= List of Birmingham City F.C. seasons =

Small Heath F.C., champions of the inaugural Football League Second Division 1892–93

Birmingham City Football Club, an association football club based in Birmingham, England, was founded in 1875 as Small Heath Alliance. For the first thirteen years of their existence, there was no league football, so matches were arranged on an ad hoc basis, supplemented by cup competitions organised at local and national level. Small Heath first entered the FA Cup in the 1881–82 season, and won their first trophy, the Walsall Cup, the following season. During the 1880s, they played between 20 and 30 matches each season.

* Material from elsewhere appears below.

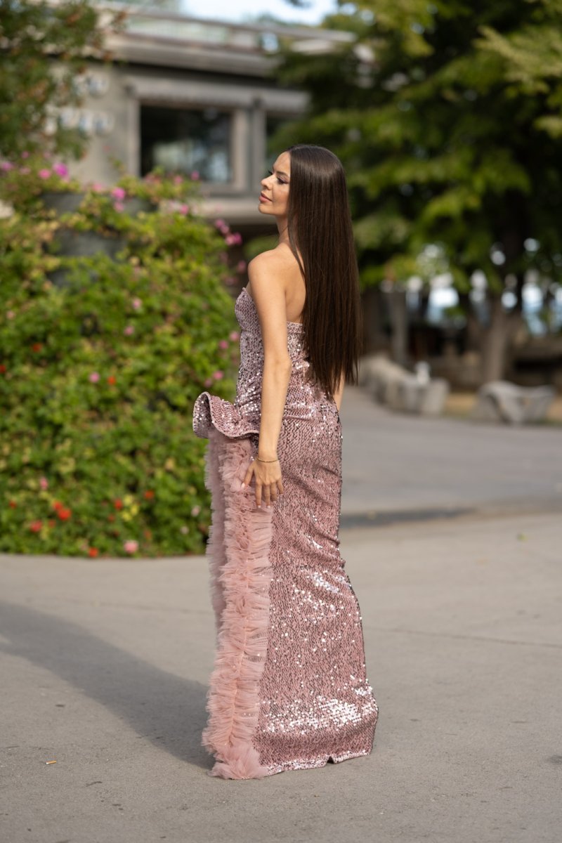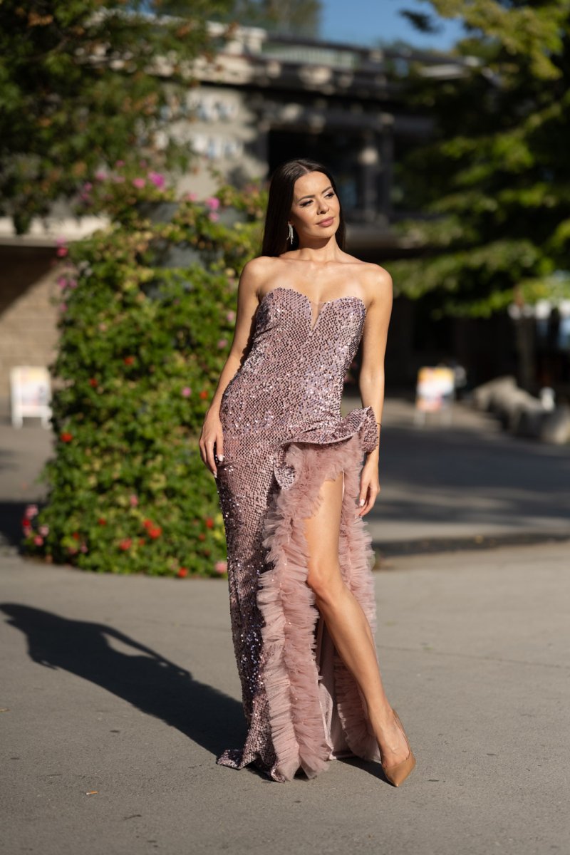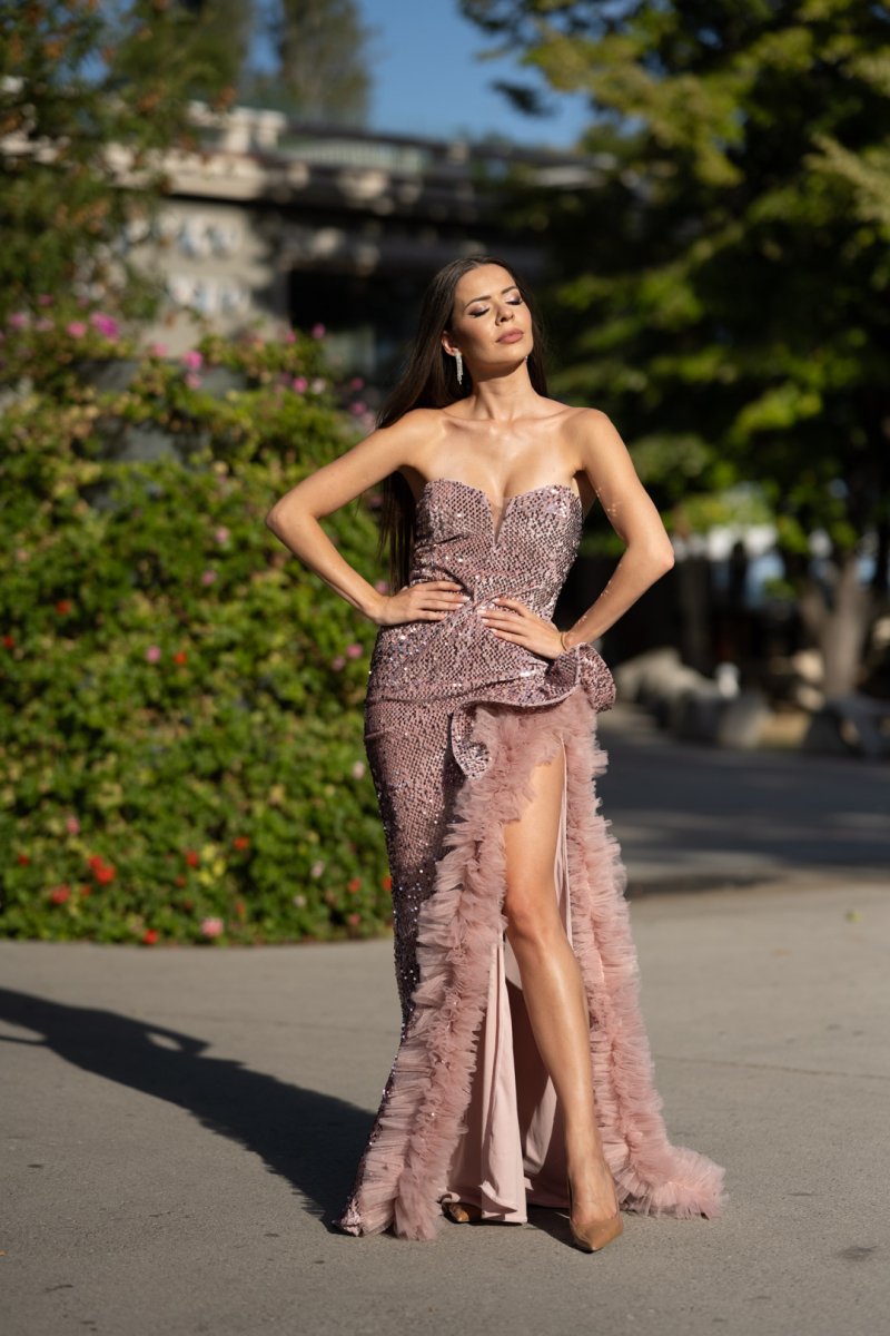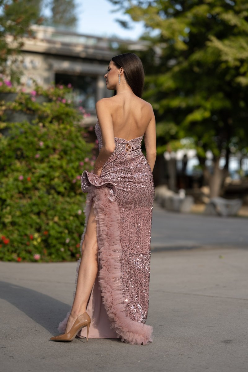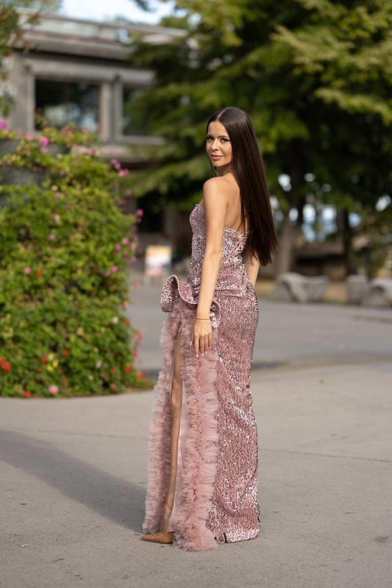 Този модел впечатлява с изящно покритие от розови пайети и впечатляваща висока цепка, подчертана от романтичен тюл, който добавя драма и обем. Корсетният гръб оформя силуета ти като на истинска кралица, а всяка стъпка разкрива нова доза женственост и увереност.

In 1888, the club became a limited company under the name of Small Heath F.C. Ltd, and joined the Combination, a league set up to provide organised football for those clubs not invited to join the Football League which was to start the same year. However, the Combination was not well organised and folded in April 1889 with many fixtures still outstanding. Small Heath were founder members of the Football Alliance in 1889–90, and three years later were elected to the newly formed Second Division of the Football League. They topped the table in their first season, failing to win promotion via the test match system then in operation, but reached the top flight for the first time in 1894. They were renamed Birmingham in 1905, finally becoming Birmingham City in 1943.

Birmingham City FC Seasons

The club's official history rated 1955–56 as their best season to date. The newly promoted club achieved their highest ever finishing position of sixth in the First Division, reached the 1956 FA Cup Final, and became the first English club side to participate in European competition when they played their opening game in the group stages of the Inter-Cities Fairs Cup. Their only major trophy is the League Cup, which they won in 1963 and 2011; they reached the FA Cup final twice and the final of the Inter-Cities Fairs Cup twice. During the 1990s, they twice won the Football League Trophy, a competition open to clubs in the third and fourth tiers of English football, and in 2024–25, they won the third-tier EFL League One title with a league record points total of 111.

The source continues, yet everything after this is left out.